Repeat exactly the lines of the material below that run from the "PAIR of American" line to the "Accompanied by a" line, including both, and do not carry over any pictures.

## DATA FOR REVIEW
=== Section Start ===
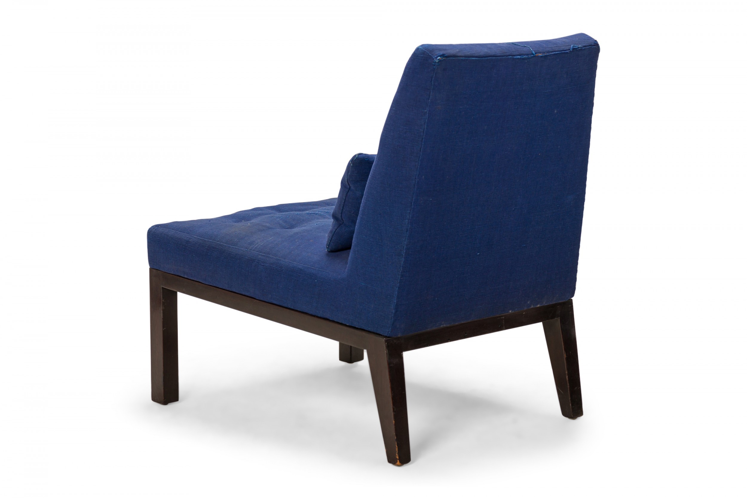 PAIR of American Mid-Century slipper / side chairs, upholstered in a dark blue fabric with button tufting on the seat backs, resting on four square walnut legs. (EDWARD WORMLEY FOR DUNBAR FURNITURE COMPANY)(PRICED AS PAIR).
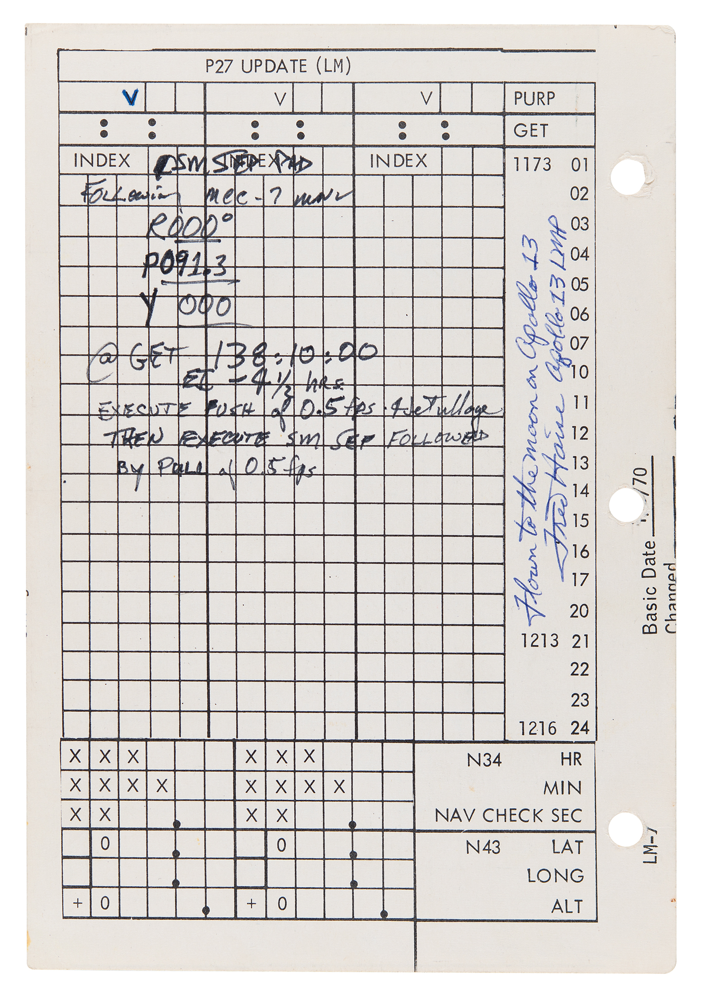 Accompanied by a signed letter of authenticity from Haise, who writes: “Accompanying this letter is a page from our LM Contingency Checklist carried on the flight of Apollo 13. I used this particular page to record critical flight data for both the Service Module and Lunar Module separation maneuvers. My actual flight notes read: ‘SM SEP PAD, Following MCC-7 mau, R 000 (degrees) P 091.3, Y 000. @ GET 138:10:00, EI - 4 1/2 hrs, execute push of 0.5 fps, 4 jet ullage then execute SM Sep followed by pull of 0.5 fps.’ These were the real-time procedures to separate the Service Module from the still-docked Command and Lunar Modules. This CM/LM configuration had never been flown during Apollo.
=== Section End ===
=== Section Start ===
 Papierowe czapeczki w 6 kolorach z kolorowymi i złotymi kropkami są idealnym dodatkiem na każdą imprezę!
=== Section End ===
## RESPONSE
 PAIR of American Mid-Century slipper / side chairs, upholstered in a dark blue fabric with button tufting on the seat backs, resting on four square walnut legs. (EDWARD WORMLEY FOR DUNBAR FURNITURE COMPANY)(PRICED AS PAIR).
 Accompanied by a signed letter of authenticity from Haise, who writes: “Accompanying this letter is a page from our LM Contingency Checklist carried on the flight of Apollo 13. I used this particular page to record critical flight data for both the Service Module and Lunar Module separation maneuvers. My actual flight notes read: ‘SM SEP PAD, Following MCC-7 mau, R 000 (degrees) P 091.3, Y 000. @ GET 138:10:00, EI - 4 1/2 hrs, execute push of 0.5 fps, 4 jet ullage then execute SM Sep followed by pull of 0.5 fps.’ These were the real-time procedures to separate the Service Module from the still-docked Command and Lunar Modules. This CM/LM configuration had never been flown during Apollo.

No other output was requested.